## Instructions to follow
Only the lines from the start of the entries through the line with "Một góc công" should be returned, each exactly as it stands, and no pictures.

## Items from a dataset
========================================
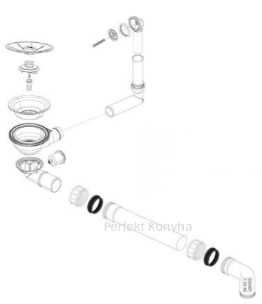 - Bűzzáró szifon 1 1/2" helytakarékos (a helytakarékos csőszifon használatával a mosogatómedence alatti rész jobban kihasználható, így például egy szelektív hulladékgyűjtő könnyedén elhelyezhető) – elérhető a 137287 cikkszámon
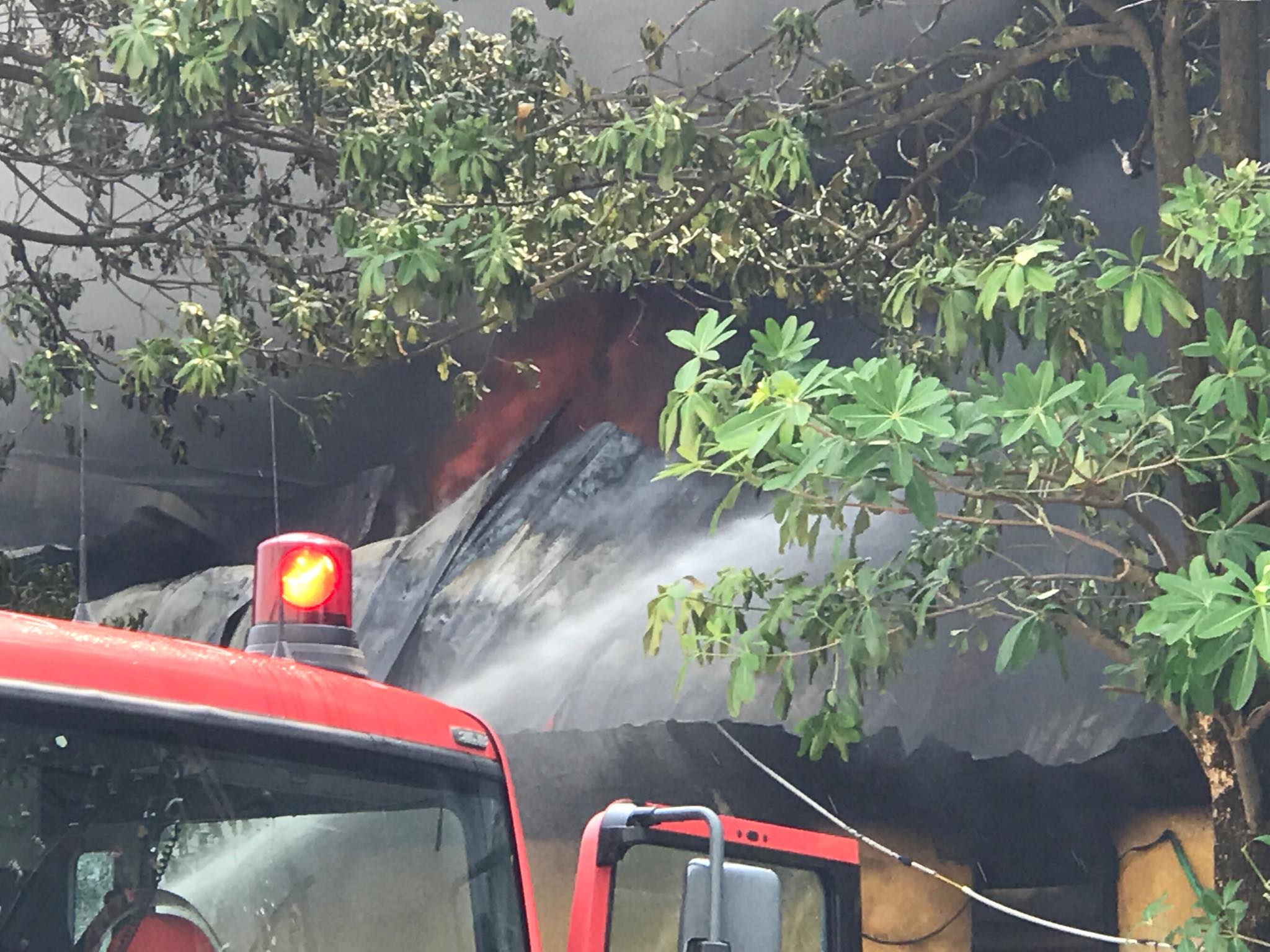 Một góc công ty mái tôn bị sức nóng của hỏa hoạn làm hư hỏng.
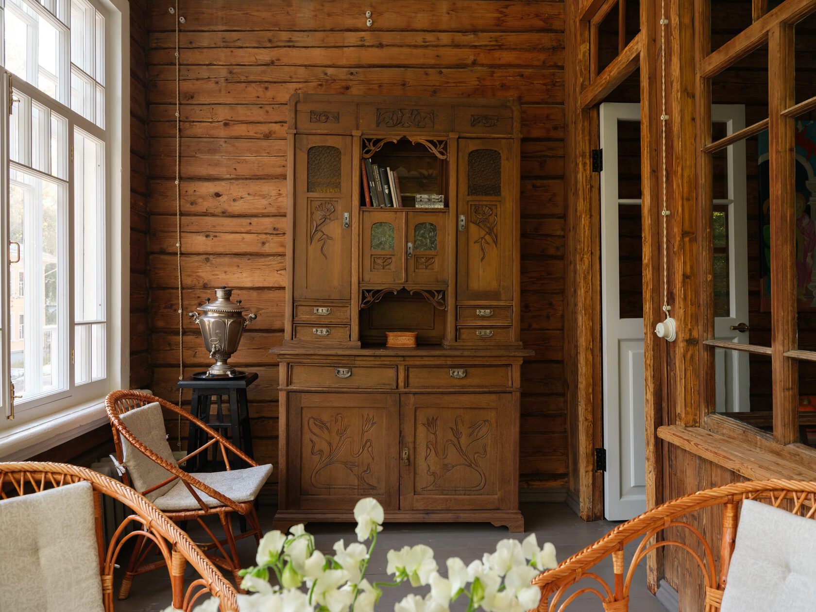 Деревянный, с белыми «ажурными» крылечками и русскими печами, этот особняк в стиле модерн — нетипичный представитель вологодского зодчества. Еще в 2019 году, как вспоминает архитектор Светлана Попова-Знаменская, казалось, что здание обречено: «Помню, я гуляла по улице Кирова, когда увидела его. Дом стоял заброшенный, без крылец, с абсолютно черной резьбой. Я сделала несколько фото на память, потому что выглядел он так, как будто вот-вот „случайно“ сгорит». К счастью, этого не случилось, в том числе благодаря Светлане. «Буквально через полгода после той прогулки я познакомилась с замечательными людьми, Леной и Семеном, — продолжает Светлана. — Они выкупили этот дом и предложили мне с командой VALKEDA помочь с созданием концепции и дизайна проекта гостиницы».
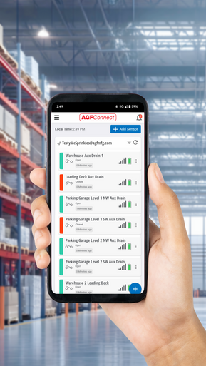 AGFConnect™ provides real‑time monitoring of auxiliary drains in dry and preaction fire sprinkler systems, helping facility managers and contractors identify condensation buildup before freezing conditions can cause damage. Using a combination of wireless sensors, a cellular gateway, and a cloud‑based monitoring platform, AGFConnect delivers timely alerts so auxiliary drains can be emptied when needed. This proactive approach helps reduce risk, minimize labor, and prevent system downtime, without requiring integration with a fire alarm panel or building management system.
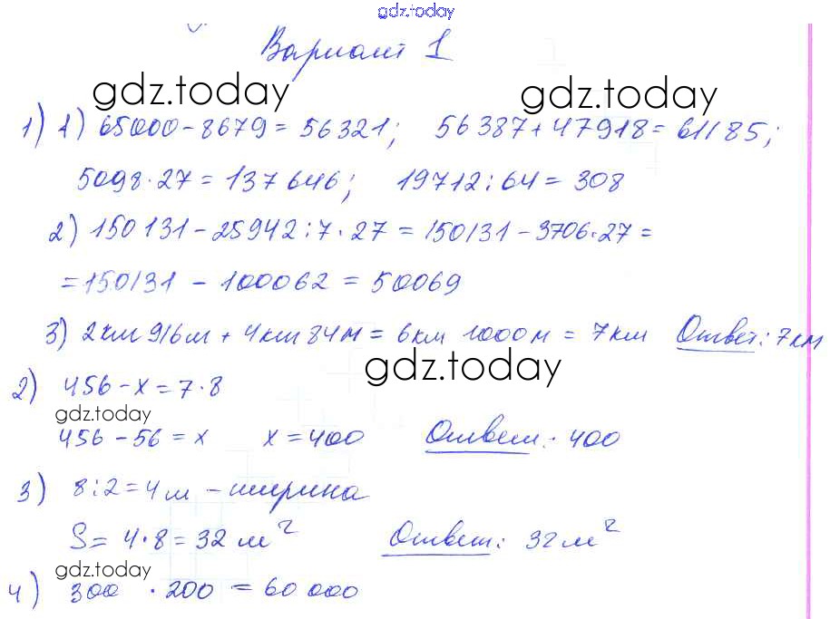 Ответы к Тема «Деление на двузначное число» стр. 71 Решение 4 класс Вариант 1 Контрольным работам по Математике для 2-4 класса Волкова Просвещение Школа России 2017
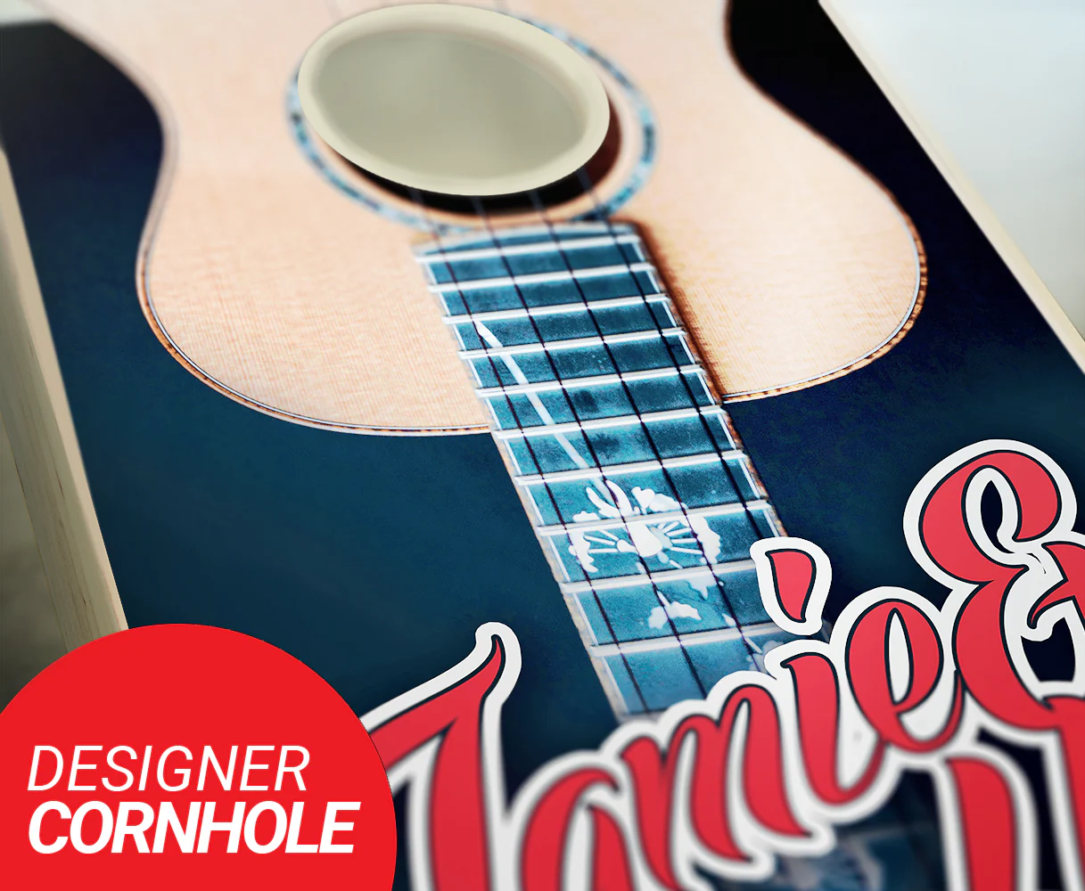 Show off at your next event with this specialty designed cornhole set! The decal is printed vinyl and finished with a clear coat polyurethane to protect your boards for years. This 24"x48" set of cornhole boards comes with folding legs and you can add a full set of 8 standard cornhole bags. The boards are completely sanded for a smooth finish. These boards are made of quality 1/2" plywood and will hold up to anything you throw at them. Great for a BBQ, tailgating, camping, or just a relaxing day in the sun. Our boards are ACA Certified!
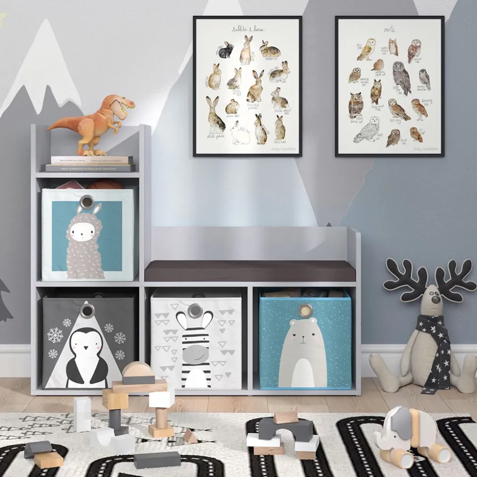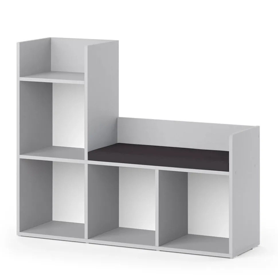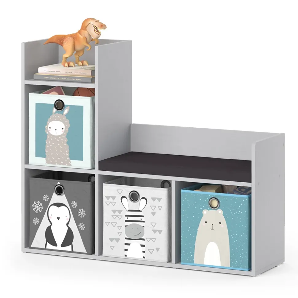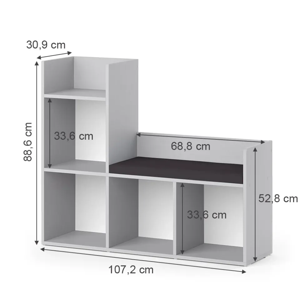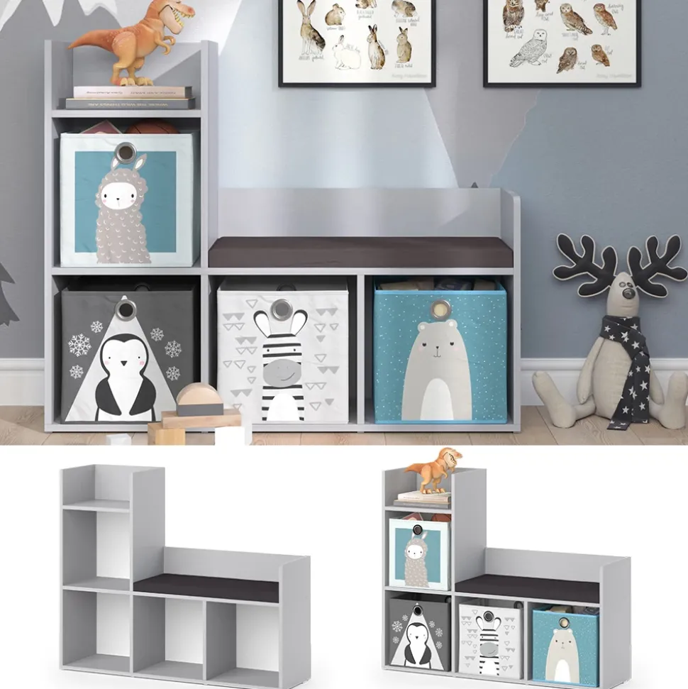 - Das Spielzeugregal mit Sitzbank bietet 4 offene Regale und eine bequeme Sitzgelegenheit mit gepolstertem Sitz.
========================================
## Exercise response
 - Bűzzáró szifon 1 1/2" helytakarékos (a helytakarékos csőszifon használatával a mosogatómedence alatti rész jobban kihasználható, így például egy szelektív hulladékgyűjtő könnyedén elhelyezhető) – elérhető a 137287 cikkszámon
 Một góc công ty mái tôn bị sức nóng của hỏa hoạn làm hư hỏng.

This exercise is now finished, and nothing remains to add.